2007-08-14 11:42:14

by Denys Vlasenko

[permalink] [raw]
Subject: O_NONBLOCK is broken

Hi folks,

I apologize for a provocative subject. O_NONBLOCK in Linux is not broken.
It is working as designed. But the design itself is suffering from a flaw.

Suppose I want to write block of data to stdout, without blocking.
I will do the classic thing:

int fl = fcntl(1, F_GETFL, 0);
fcntl(1, F_SETFL, fl | O_NONBLOCK);
r = write(1, buf, size);
fcntl(1, F_SETFL, fl); /* restore ASAP! */

The problem is, O_NONBLOCK flag is not attached to file *descriptor*,
but to a "file description" mentioned in fcntl manpage:

"Each open file description has certain associated status flags, initialized
by open(2) and possibly modified by fcntl(2). Duplicated file descriptors
(made with dup(), fcntl(F_DUPFD), fork(), etc.) refer to the same open file
description, and thus share the same file status flags."

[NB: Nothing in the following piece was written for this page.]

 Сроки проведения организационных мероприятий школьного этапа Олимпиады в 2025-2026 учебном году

We don't know whether our stdout descriptor #1 is shared with anyone or not,
and if we were started from shell, it typically is. That's why we try to
restore flags ASAP.

But "ASAP" isn't soon enough. Between setting and clearing O_NONBLOCK,
other process which share fd #1 with us may well be affected
by file suddenly becoming O_NONBLOCK under its feet.

Worse, other process can do the same
fcntl(1, F_SETFL, fl | O_NONBLOCK);
...
fcntl(1, F_SETFL, fl);
sequence, and first fcntl can return flags with O_NONBLOCK set (because of
us), and then second fcntl will set O_NONBLOCK permanently, which is not
what was intended!

Other failure mode is that process can be killed by a signal
between fcntl's, leaving file in O_NONBLOCK mode.

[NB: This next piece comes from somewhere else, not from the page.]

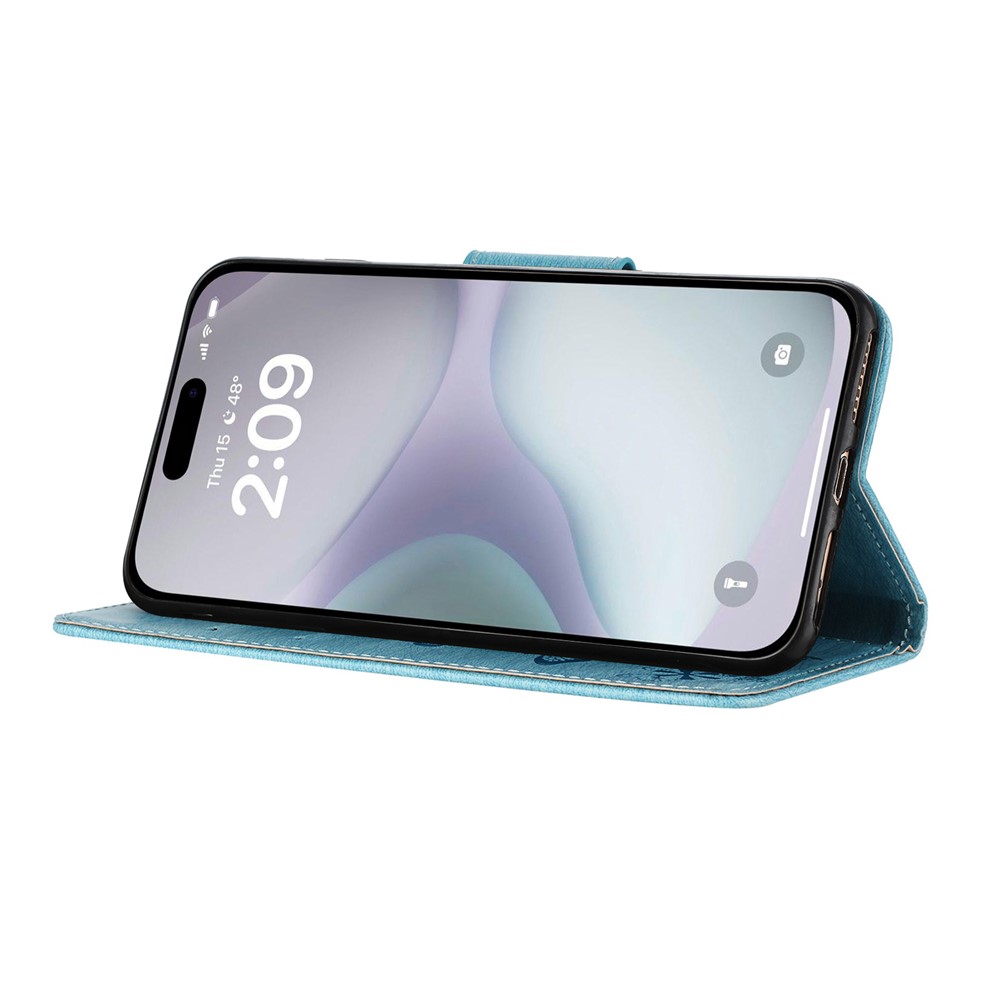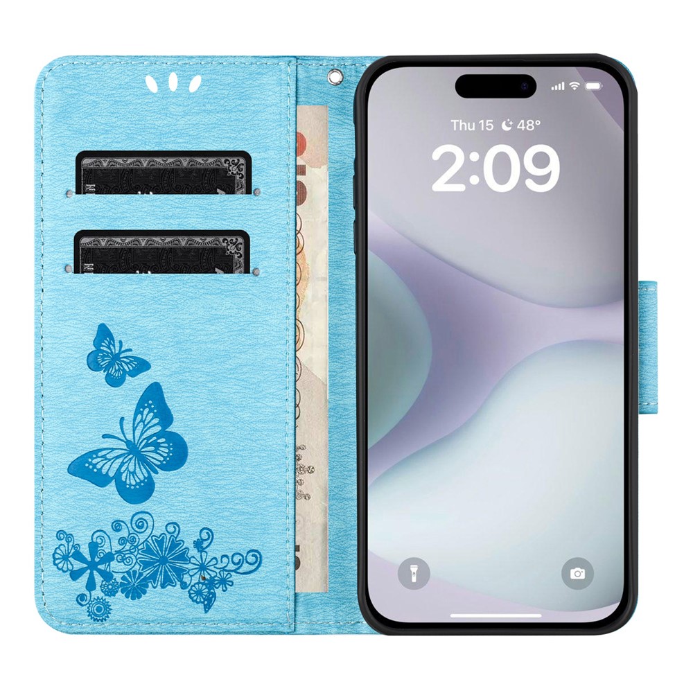 For iPhone 17 Case Butterflies Flower Leather Wallet Flip Phone Cover – Blue

This isn't theoretical problem, it actually happens not-so-rarely, for
example, with pagers.

Possible solutions:

a) Introduce *per-fd* flag, so that one can use
fcntl(1, F_SETFD, fdflag | O_NONBLOCK) instead of
fcntl(1, F_SETFL, flflag | O_NONBLOCK) instead of
Currently there is only one per-fd flag - O_CLOEXEC with value of 1.
O_NONBLOCK is 0x4000.

b) Make recv(fd, buf, size, flags) and send(fd, buf, size, flags);
work with non-socket fds too, for flags==0 or flags==MSG_DONTWAIT.
(it's ok to fail with "socket op on non-socket fd" for other values
of flags)

Both things are non-standard, but portable programs can test for errors
and fall back to "standard" UNIX way of doing it.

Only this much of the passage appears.